Nouveaux mots, nouveaux usages, comment la pandémie a changé la langue française

Un dictionnaire présenté à l'Académie française. (Photo d'illustration) - Académie française
Comorbidité, taux d'incidence, sérologique... Qui aurait cru, il y a deux ans de cela, que ces mots seraient employés lors de simples repas de famille? Ils sont pourtant devenus quotidiens. La pandémie a bouleversé notre manière de parler. Certains termes s'étant diffusés plus vite que le virus lui-même.
À quel point la pandémie a-t-elle changé notre langue? Selon Bernard Cerquiglini, linguiste et conseiller scientifique du Petit Larousse, interrogé au micro de BFMTV, au-delà de tous être devenus des apprentis médecins, nous sommes surtout devenus des "apprentis lexicographes et des apprentis grammairiens".
Skypéro et coronapistes
"La résistance à la pandémie s'est d'abord faite par la langue, car le collectif en France passe par la langue", explique le linguiste. Dans une période de confusion, mettre des mots sur ce que l'on ne connaît pas est primordial. Les mots du Covid disent ainsi beaucoup de nos maux.
"Nous avons créé des mots, changé le sens des mots et surtout, nous avons joué avec les mots", poursuit Bernard Cerquiglini. Ainsi, des termes peu courants sont venus sur le devant de la scène (pandémie, écouvillon...), des mots se sont transformés ('se masquer' qui ne veut plus dire 'se déguiser') et des mots ont même été créés de toute pièce (déconfiner, reconfiner...). Sont également nés des termes comme "skypéro" ou "coronapiste". Selon le linguiste, il s'agit d'une réaction ludique et saine pour la population.
Vitalité de la langue française
Au-delà de nous être nécessaires, ces évolutions sont également des bienfaits pour la langue elle-même. "La pandémie a prouvé la bonne santé de la langue française", se réjouit Bernard Cerquiglini. Elle en a, en effet, montré sa vitalité. On se souvient pourtant tous du bras de fer avec l'Académie française afin de prononcer "la" covid, au féminin. Se sont ainsi la règle (covid, la maladie) et l'usage (le coronavirus, devenu le covid) qui se sont affrontés.
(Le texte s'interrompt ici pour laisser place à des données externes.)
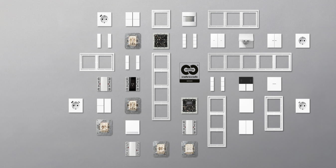 Mit dem Bekenntnis zur Produktion in Deutschland setzt Jung schon seit jeher auf nachhaltige Entwicklungs- und Herstellungsprozesse. Dazu gehören auch kurze Logistikwege der Zulieferer, eine energieeffiziente Produktion und umweltfreundliche Verpackungen aus Altpapier, aber auch Präzision in der handwerklichen Verarbeitung und hohe Designqualität. Sie sorgen letztlich dafür, dass die Produkte beständig und robust sind und den gesamten Lebenszyklus der Architektur, der immer stärker in das Bewusstsein der Nutzer/-innen rückt, überdauern. Mit der erfolgreichen Zertifizierung „Cradle to Cradle Certified Bronze“ für LS 990, LS Cube, AS 500, A 550, A Flow, A Creation inklusive der hochdiffizilen KNX-Sensorik wird das Bestreben von Jung um Nachhaltigkeit und verantwortungsvolle Produktion nun eindrucksvoll belegt.

D'ailleurs, des mots liés à la pandémie ont fait leur entrée dans l’édition 2022 du dictionnaire Le Petit Robert. C'est le cas de "geste barrière" ou de "téléconsultation". "Covid" lui-même apparaît dans la liste. Le dictionnaire tranche d'ailleurs la poire en deux en proposant de dire qu'il s'agit d'un nom féminin aussi bien que d'un nom masculin.
Anglicismes
Depuis le printemps 2020, les mots de la pandémie ont eux-mêmes évolué. Si de nombreux anglicismes ont été utilisés, pandémie mondiale oblige, la langue s'est elle-même corrigée au fil du temps, à l'instar de "cluster" ou "tracking", très vite remplacés par "foyer de contamination" et "traçage". De la même manière, nous ne parlons désormais plus de "distanciation sociale", traduite de l'anglais "social distancing", mais de "distanciation physique".
Bernard Cerquiglini note également que, malgré les critiques fréquentes, la France utilise peu d'anglicismes comparée à nombre de ses voisins. "Par exemple, en Italie, on ne dit pas 'confinamento' pour parler de confinement, mais 'lockdown", qui est le terme anglais".